According to a high-profile security expert, businesses have to take a more proactive approach instead of reacting to threats. In his presentation at the International Cyber Security and Intelligence Conference in November, Nik Alleyne, Senior Cyber Security Manager at Forsythe Solutions Group, confirmed, “The reactive strategy has failed.”
He suggested that businesses should hunt for threats, using predictive analysis to narrow down the wide array of attacks. Assessing your online defences should also be carried out regularly, along with penetration tests to see just how vulnerable you are.
This is highly specialized work, and businesses that don’t have the resources to do a thorough job may need to outsource. Not only would this allow them to actively hunt for threats and conduct a full analysis of a hack, but also track its timeline. For example, should you restore your data from yesterday’s backup, or is that compromised?
Outsourcing can prove to be expensive, so what can you do yourself to foil a hacker?
Ransomware – If you have a recent data backup that you’re sure is sound, restore it. Otherwise, consider contacting a security expert before you consider paying a ransom, as you still may not recover your data. It’s important to have multiple up-to-date back ups of data, kept in separate places such as a cloud storage service, to fix this problem.
Businesses have to take a more proactive approach instead of reacting to threats.
Fake Antivirus Scans – Power down your computer immediately after saving anything you need to, and reboot it in “safe mode”. This will allow you to remove any recently installed programs, which may carry malware. Then, test your system in regular mode to make sure the fake warnings no longer appear. Follow this up with an antivirus scan.
Password Hacks – Contact the online service to tell them that your account may have been compromised. Notify your contacts that you may have been hacked, and if your login information is used on other sites, be sure to change those passwords too.
Preventing Data Theft
Thankfully, there are some steps you can take yourself that can minimize the need to call in outside help:
Redirected Searches – Check your browser tools, and remove any that are new or unwanted. Safer still, reset your browser to its default settings.
Update your Software
– Running outdated software means having gaping security holes in your system. Hackers constantly scan for such vulnerabilities, and they greatly increase your chances of being targeted.

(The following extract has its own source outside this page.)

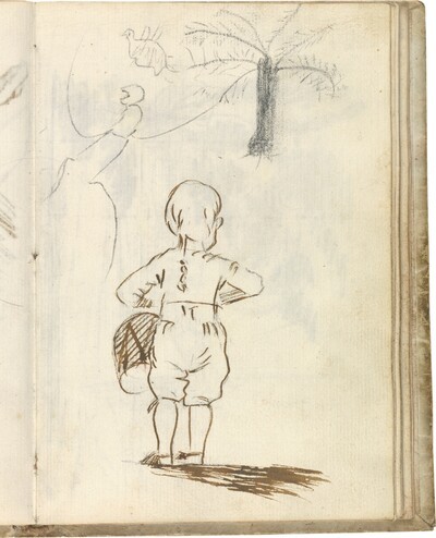 Cabeza masculina de perfil, orientada hacia la izquierda, muy sintética y de rasgos caricaturescos: presenta prominente nariz, labio superior grueso y frente huidiza. Algunos trazos curvos insinúan el cabello. La ejecución es muy esquemática, pues se trata de un esbozo apenas desarrollado realizado a lápiz negro con una factura que a juicio de Manuela B. Mena sería emparentable con la de otros dibujos del Cuaderno italiano difícilmente atribuibles a Goya y más propios de un niño (pp. 100, 101, 106, 107, 108, 117, 118, 119, 129, 133 y 148, por completo, y pp. 71 y 79, parcialmente), dibujos que situó en la órbita creativa del pequeño Javier Goya (1784-1854), hijo del pintor. La ubicación concreta del dibujo dentro del Cuaderno italiano, entre tres de los citados dibujos infantiles y cuatro páginas en blanco, reforzaría la hipótesis de la autoría por parte del pequeño Javier Goya. No obstante, este dibujo denota una destreza aparentemente algo mayor que la de otros dibujos infantiles presentes en el taccuino goyesco.

Create a Security Policy – Having a formal plan in place can limit the chances of an attack. For example, use a password creation program to generate random passwords. These are tougher to crack and you should change them every 60 days or so.
Educating your Employees – Your staff should be aware of the signs that you’ve been hacked. Teach them to recognize the signs of a security breach, such as random browser pop-ups from a website that doesn’t usually generate them or unexpected software installs, and educate them on staying safe when using your computer network.
Hackers are determined, so taking the time to run a drill of your response to an attack can really pay off. Not only will your staff learn to recognize one quicker, but it also gives you the chance to refine your procedures for containing it efficiently.